The first day changes because we ne to get the general categories. This first day we will only have a list of keywords. And we will get the categories in the next step. From the second day onwards we will already have the categories, however, in the second step we will check again that there are no new categories (this will allow us to detect emerging categories).
Step 2. Clustering:
Unlike the previous case, we first extract the new categories via GPT 3.5 (let’s say we get 250). We group them in GPT 4 (they are ruc to 100). Then, and as we did in the previous case, we launch the keywords so that GPT 3.5 classifies them for us.
Step 3. The play-off:
In the last step, we will try to recover the poorly classifi or unclassifi keywords with another loop and mixing the keywords again. But in this case instagram data we will do it with 4. In general the result is satisfactory and all the keywords are classifi.

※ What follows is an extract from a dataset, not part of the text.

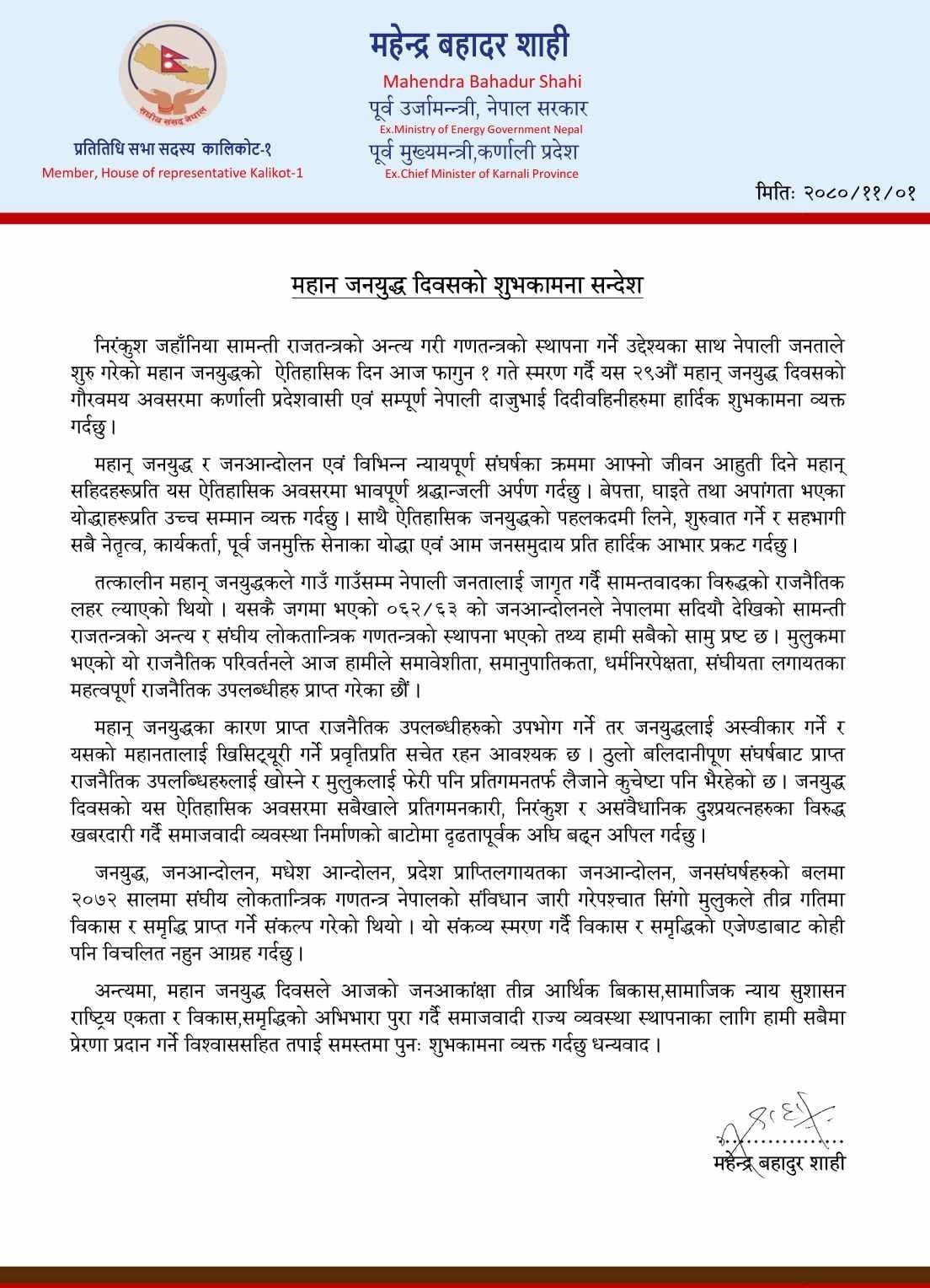नेता शाहीले शुभकामना सन्देशमा लेखेका छन् ‘निरंकुश जहाँनिया सामन्ती राजतन्त्रको अन्त्य गरी गणतन्त्रको स्थापना गर्ने उद्देश्यका साथ नेपाली जनताले शुरु गरेको महान जनयुद्धको ऐतिहासिक दिन फागुन १ गते स्मरण गर्दै यस २९औं महान् जनयुद्ध दिवसको गौरवमय अवसरमा कर्णाली प्रदेशवासी एवं सम्पूर्ण नेपाली दाजुभाई दिदीवहिनीहरुमा हार्दिक शुभकामना व्यक्त गर्दछु ।’

But how would this flow be integrat?
Let’s see an example through this Google Cloud functional diagram:
The operation would be as follows:
The project will operate using two paying at the table: the complete guide for restaurateurs databases:
GSC table
Auxiliary table in which the equivalences of different keywords and clusters will be sav (this table will grow day by day bas on the new keywords that are not repeat).
For day X we will keep
The keywords with which no equivalence is found in the auxiliary table. This will allow:
Ruce volatility.
Ruce costs.
Ruce the time spent.
With 3.5-turbo (price from 0.001$/1k tokens) we usa data will get the categories (if these are not already contemplat in our auxiliary table) in which the keywords of the day should be classifi.
With GPT Chat 4 (price from 0.03$/1k tokens) we will refine the process and group these first categories (going from >230 to 50-70 categories).